**DATA EXCERPT:**
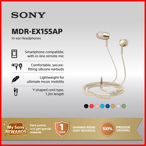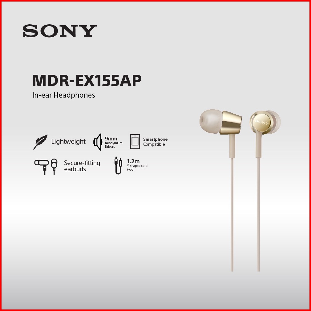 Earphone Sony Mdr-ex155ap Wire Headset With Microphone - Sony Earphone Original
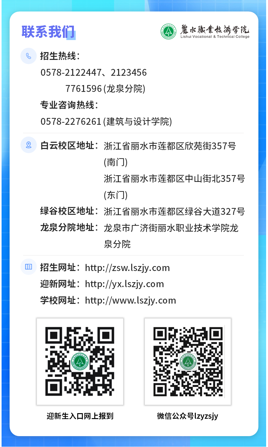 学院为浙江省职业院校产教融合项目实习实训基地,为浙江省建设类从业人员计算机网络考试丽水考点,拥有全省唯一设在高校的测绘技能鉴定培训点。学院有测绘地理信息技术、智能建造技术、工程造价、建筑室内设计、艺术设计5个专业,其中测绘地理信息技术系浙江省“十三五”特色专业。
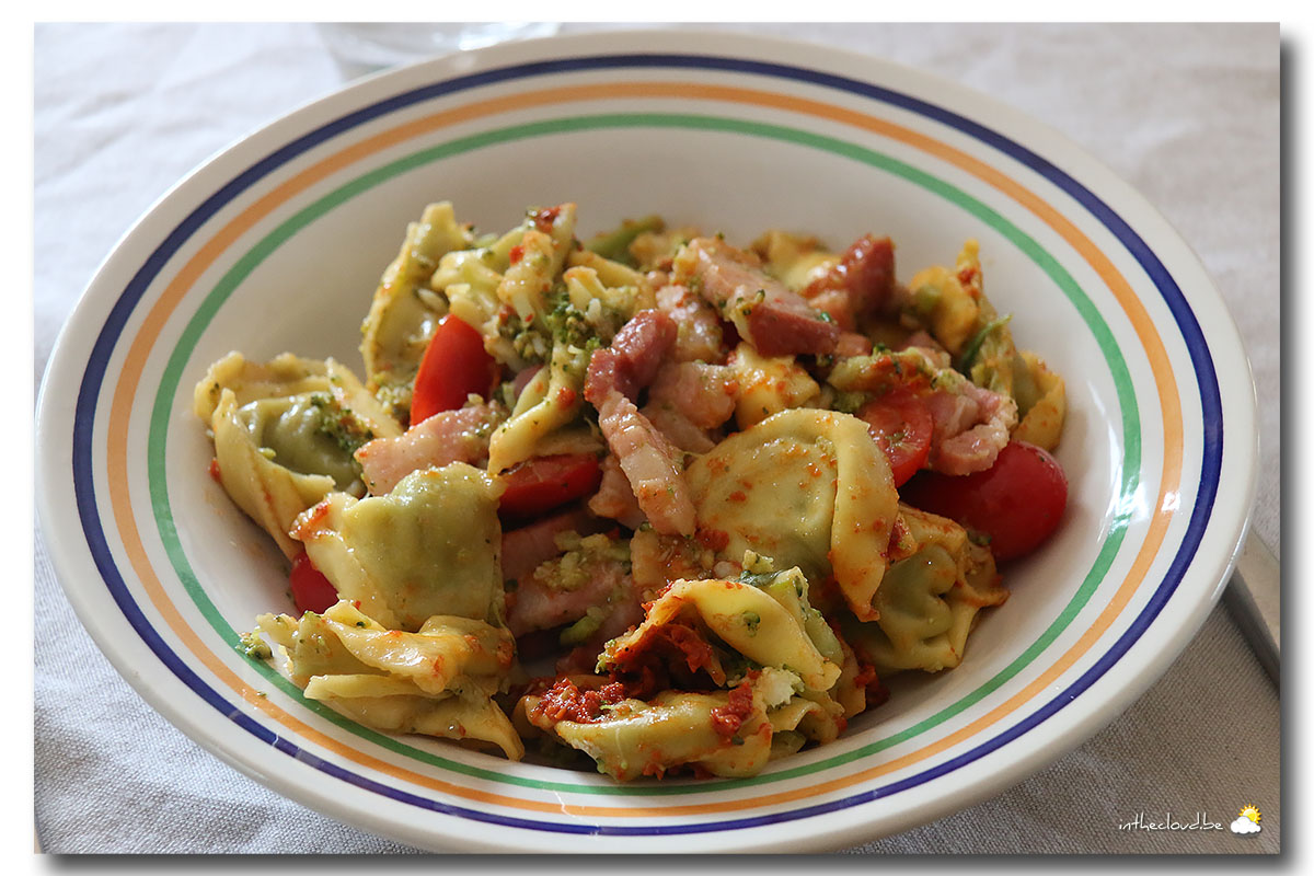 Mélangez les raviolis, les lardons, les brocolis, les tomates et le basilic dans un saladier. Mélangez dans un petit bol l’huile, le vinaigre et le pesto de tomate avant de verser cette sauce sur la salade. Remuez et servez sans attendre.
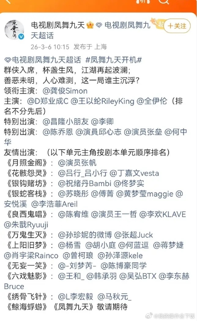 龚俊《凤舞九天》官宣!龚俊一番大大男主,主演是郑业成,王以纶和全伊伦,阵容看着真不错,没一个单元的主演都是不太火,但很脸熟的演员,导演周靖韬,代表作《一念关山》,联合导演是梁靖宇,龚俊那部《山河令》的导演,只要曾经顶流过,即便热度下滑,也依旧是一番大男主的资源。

**REQUIRED ACTION:** Find the line containing "Mélangez les raviolis, les" and copy it and each line after it through the end of the material, exactly, with no pictures.

**TASK OUTPUT:**
 Mélangez les raviolis, les lardons, les brocolis, les tomates et le basilic dans un saladier. Mélangez dans un petit bol l’huile, le vinaigre et le pesto de tomate avant de verser cette sauce sur la salade. Remuez et servez sans attendre.
 龚俊《凤舞九天》官宣!龚俊一番大大男主,主演是郑业成,王以纶和全伊伦,阵容看着真不错,没一个单元的主演都是不太火,但很脸熟的演员,导演周靖韬,代表作《一念关山》,联合导演是梁靖宇,龚俊那部《山河令》的导演,只要曾经顶流过,即便热度下滑,也依旧是一番大男主的资源。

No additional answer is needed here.